New Delhi: India’s battle against Covid-19 has shown some ray of hope.
The R0 value for Covid-19, which is a key parameter to describe the rate of infection of coronavirus, has further reduced this week to 1.36 — from 1.55 on 11 April.
R0 is the basic reproduction number of a disease and indicates the number of people a patient can directly infect in a healthy population.
The metric has been estimated by scientists at the Institute of Mathematical Sciences (IMS) in Chennai.
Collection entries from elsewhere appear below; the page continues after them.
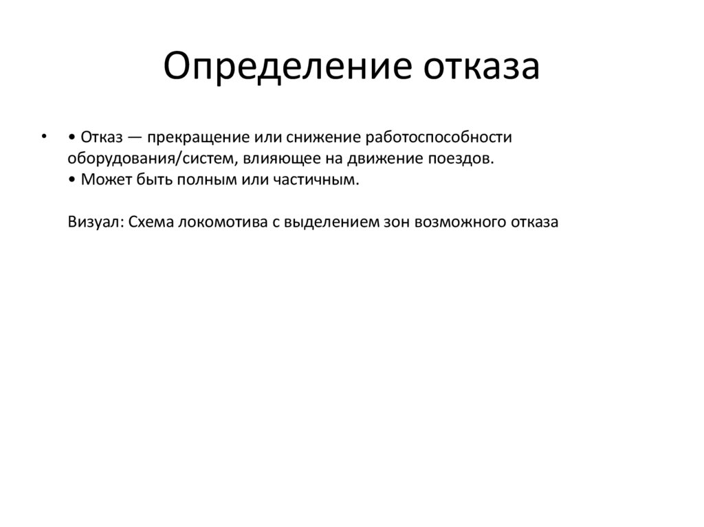 Определение отказа• Отказ — прекращение или снижение работоспособности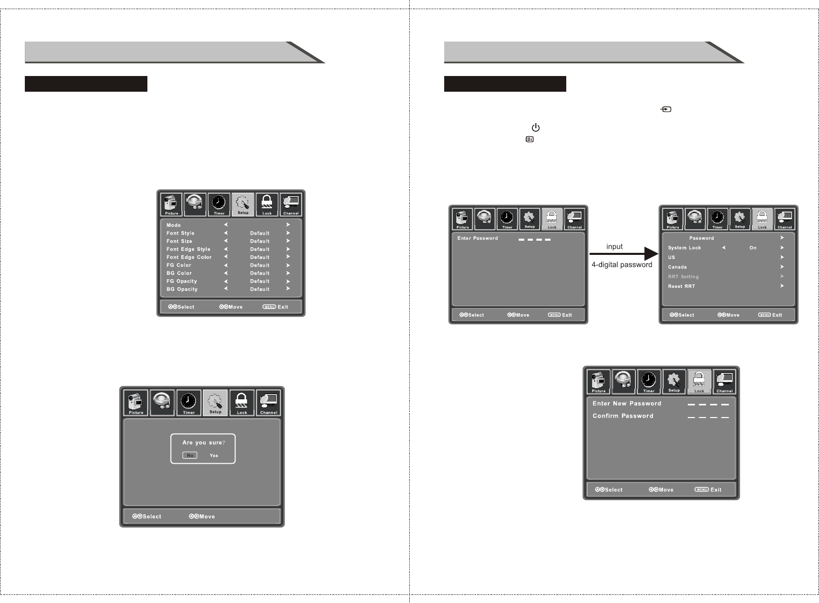 If you turn off the system lock, then the following items(US, Canada, RRT Setting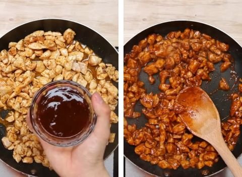 Pour in the barbecue sauce. Stir until all chicken pieces are covered. Let the sauce bubble and thicken for about five minutes. The sauce should reduce by half and cling to the chicken.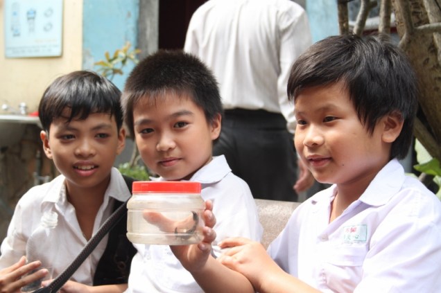 There were groups of school children roving around us, on their mid-morning break from the classrooms next door, and we noticed some of them huddled around a plastic container on the floor. On inspection we discovered that one of them, named Hoa, had brought his pet scorpion to school that day! We knew that, over here, anything with a heartbeat generally made for a plausible menu item, but this insight was a new one to add to the “only in Vietnam” list that anyone living here inevitably draws up from day one.

“Starting from 13 April, the data shows a further reduced rate of increase of the number of active cases, corresponding to an effective reproduction number of 1.36,” Sitabhra Sinha, a scientist at the IMS, told ThePrint.
The value was as high as 1.83 on 6 April.
As of Tuesday afternoon, India reported 14,759 active coronavirus cases — with 590 deaths.
Cases in Maharashtra showing signs of slowing down
The decreasing R0 indicates that the restrictions imposed under the three-week lockdown is helping India in containing the spread of the highly infectious Covid-19 disease.
A logarithmic plot for the number of active cases with time shows a deviation from the original growth trend that was observed from 4 March — which corresponded to a basic reproduction number of 1.83.

Sinha said that while going at the original rate of growth (1.83), India would have hit 1 lakh active cases by 27 April.
“If the present rate continues unaltered, we’ll have around 25,000 active cases by that same date (27 April), which means a reduction to a quarter of the number expected,” he added.
“Had we continued with the reduced trend that we had noticed from 6 April (1.55), we would have had just a bit less than 40,000 cases by 28 April,” Sinha said.
Sinha also said the growth rate in Maharashtra is showing signs of slowing down since 16 April although the actual rate of growth cannot be estimated yet because the data points are currently too less for statistical analysis.